# Physical Fitness



## canadianblue (4 Nov 2004)

I have a question regarding the physical fitness aspect of the military. In the Canadian Armed Forces what physical fitness activities do you have to do, and if your going in for a military policeman what level of physical fitness would be preferred?

PS: Please be specific, and don't generalize by just saying physical fitness is easy.

Thanks for the info


----------



## Northern Touch (4 Nov 2004)

http://army.ca/forums/threads/21101.0.html

http://army.ca/forums/index.php?action=search;advanced


----------



## Gouki (4 Nov 2004)

This has been posted about so many times and is not hard at all to find..

Did you do a search on "physical fitness" here?
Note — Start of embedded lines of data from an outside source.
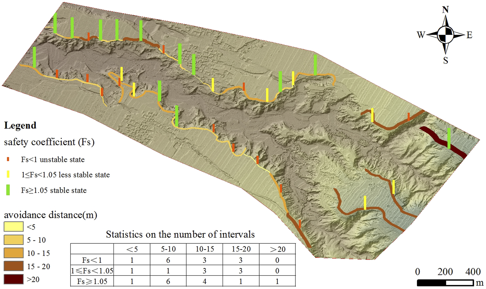 Following the method above to build slope models, and using the simplified Bishop method, we sequentially calculate the safety coefficient and avoidance distance of 32 profiles in the study area. We use four indicators, i.e., slope height, slope angle, safety coefficient and avoidance distance, to characterize the feature and calculation results of each profile, and then carry out further statistical analysis. As is shown in Table 3 and Figure 7.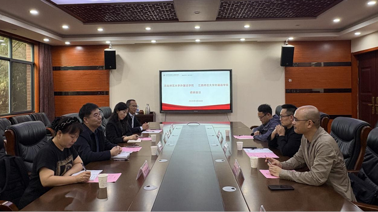 王洪庆感谢学院的热情接待,介绍了河北师范大学外国语学院的基本情况以及发展近况与未来规划。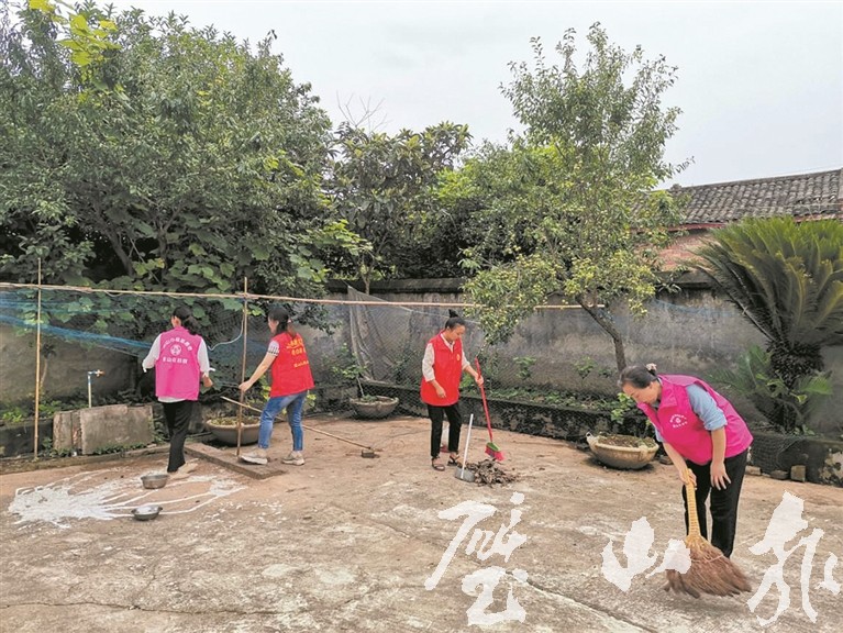 活動中,巾幗志愿者充分發揮“半邊天”作用,手拿掃帚、撮箕等工具,對村居院落各類垃圾進行全面清掃,勸導村民規范養殖家禽。同時,巾幗志愿者還向附近村民宣傳人居環境整治的重要性,倡導大家養成良好的家庭衛生習慣,做到生活污水不亂排亂放,房前屋后無衛生死角、干凈整潔,日常生產生活物品堆放規范。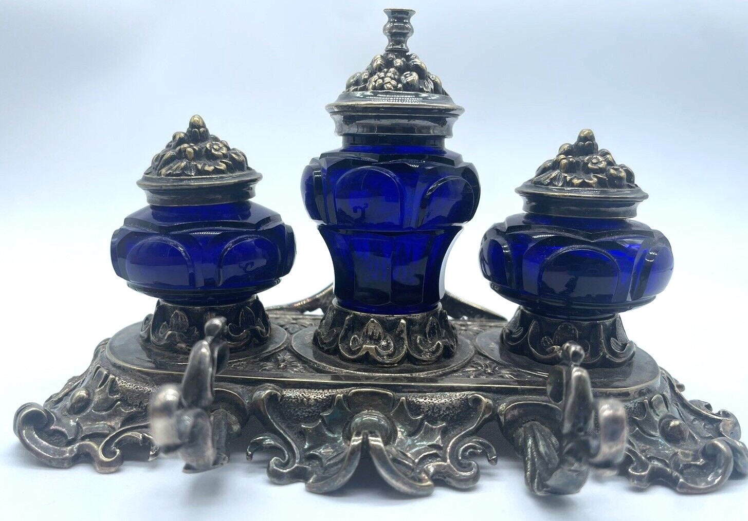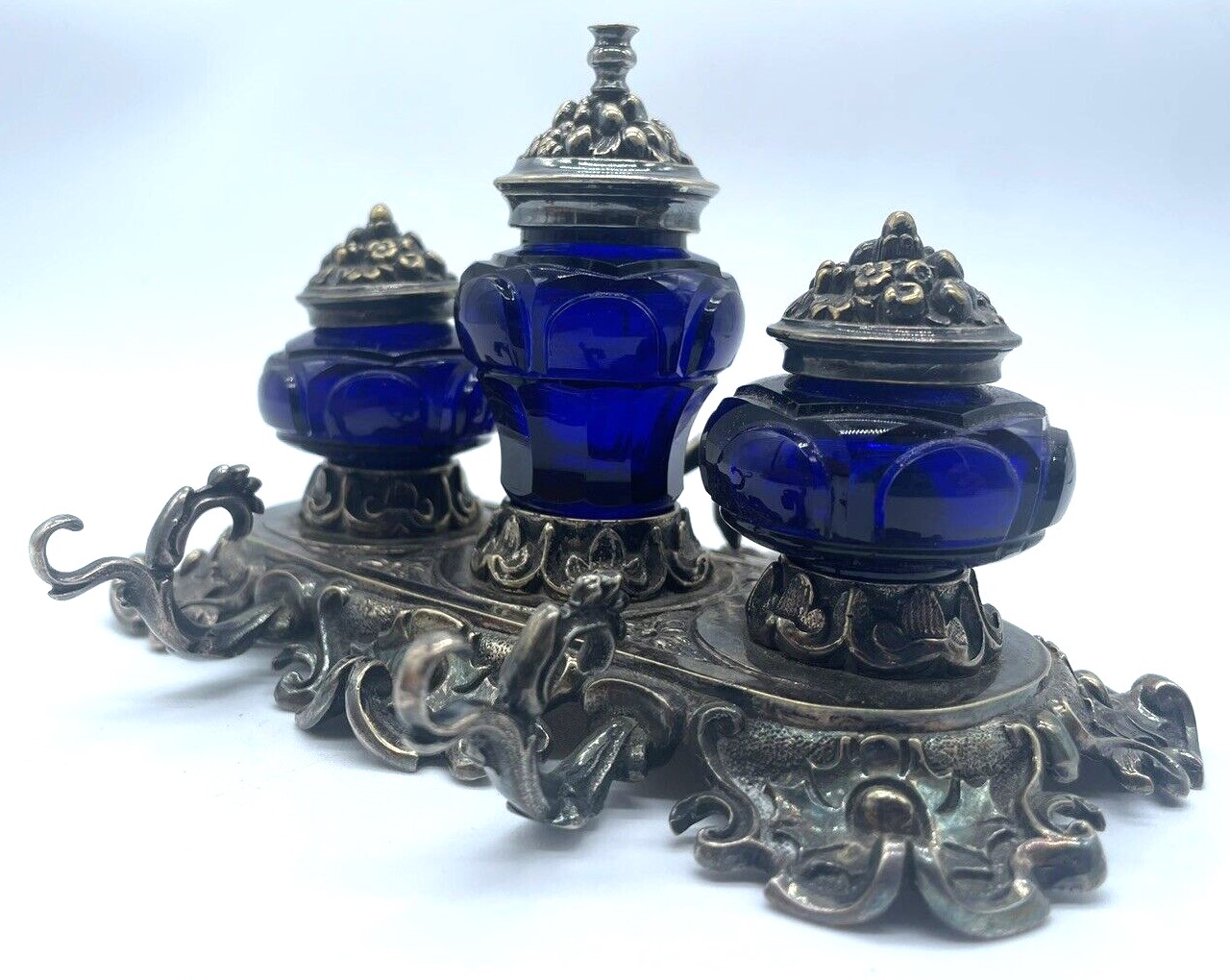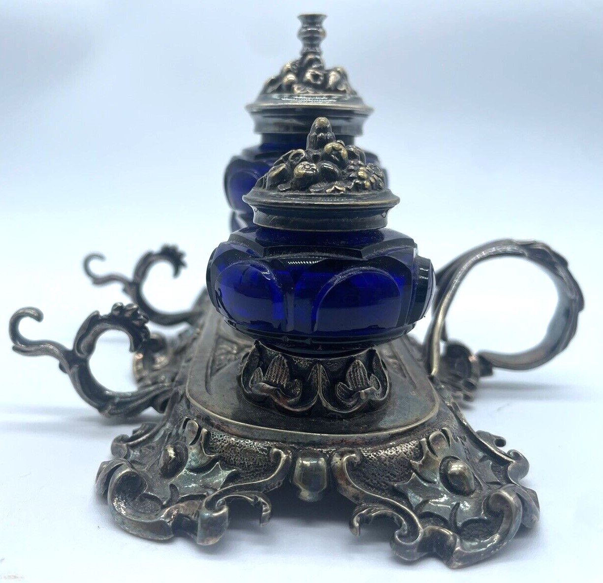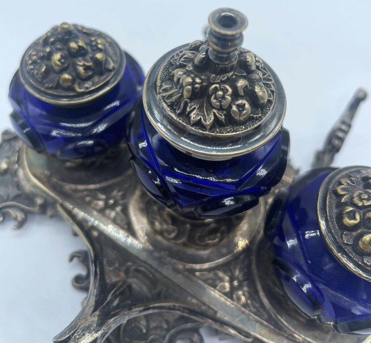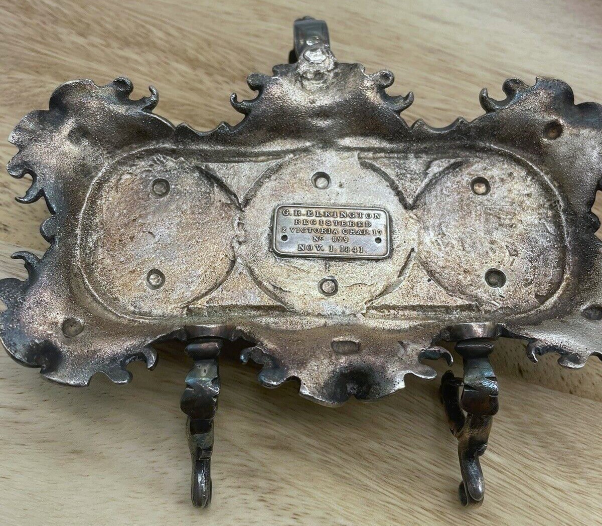 The underside of this inkstand is marked “G.R. Elkington, registered, 2 Victoria Chap 17. No. 899, Nov 1 1841”. The cast silverplate base with a leaf and scroll design has a handle on one side, a pen holder on the other. The stemmed cobalt blue inkwells are multifaceted and have unattached lids with a fruit design.

...Did you even *check* the Canadian Forces Recruiting Centre? Because they got it all there in plain sight.


----------



## armyrules (25 Nov 2004)

The CF usually does excercises like pushups chinups and situps and they do allot of runningbefore u apply for the forces u should start an excercise regimen. So u could get in shape. I think that it is a great idea seeing as I have a plan myself and it is working beautifully if u need a plan to follow u could pm me and I'll email it to u if u like. hope this helps and good luck


----------



## Necro99 (29 Dec 2004)

Is it the same requirments for reserve?


----------



## squirl (7 Jan 2005)

hey im new to this forum and i was wondering i read alot about the physical fitness of the canadian forces and i read people saying that for doing pushups you have to go down till you're chest touches the ground. but i also read that you should go down but not touch the ground its getting sort of confusing about what i should follow? im 17 and im graduating this year I am hopping to get into the military thats what i have always wanted to do . so any info you guys could let me know about push ups would be greatly appreciated.
THanks


----------



## Mischiefz (8 Jan 2005)

when I did my physical the biggest things the evaluator looked for were my elbows hitting at least 90 degrees and full lock at top. Ive also heard from others that some want your chin to touch the mat....it all boils down to what your evaluator deems is a proper push up, from hand positioning ( to close together, to spread out...to not going low enough etc ). Best bet before heading in for your physical is to be able to do at least 25+ pushups just to make sure you can pump those extra few where you didnt go down far enough etc


----------



## squirl (8 Jan 2005)

hey thanks alot for the info ill get workin on goin down far and holding it then hopefully i should have no problems with how they ask me to do them again thanks alot!


----------



## Veterans son (8 Jan 2005)

Mischiefz said:
			
		

> when I did my physical the biggest things the evaluator looked for were my elbows hitting at least 90 degrees and full lock at top. Ive also heard from others that some want your chin to touch the mat....it all boils down to what your evaluator deems is a proper push up, from hand positioning ( to close together, to spread out...to not going low enough etc ). Best bet before heading in for your physical is to be able to do at least 25+ pushups just to make sure you can pump those extra few where you didnt go down far enough etc



The pushups sound like the toughest part of the PT test!
My concern is not the amount of pushups you have to do but will they   be
exactly to the CF standard? ???
I do pushups every day but without someone to evaluate me, I may be incorrect during the test! ???


----------



## ab136 (8 Jan 2005)

Veterans son
when you do your fit test the tester will have you lie on face down on the floor. he'll stand over your back and make sure that your hands are under your shoulders with your fingers pointing forward.( this will put the buld of the stress on your tricept).  he will ask you to push up and lack your elbows, he will have his fist on the floor....you lower you body so you shoulder will touch his fist.  that's one push-up.


----------



## Veterans son (8 Jan 2005)

Thanks for your reply, ab136, as it certainly is helpful!


----------



## Chainsaw (12 Jan 2005)

I've been reading over this thread, and I find it worrisome as a prospective member of the Infantry or Combat Engineers, particularly in regards to the PT side of things. I don't expect to have problems with most of BMQ, but the PT is a problem. I can do 45+ push-ups, I've hiked hard trails for ages (20km/day for 7 days), and never once had to fall out of a PT formation. 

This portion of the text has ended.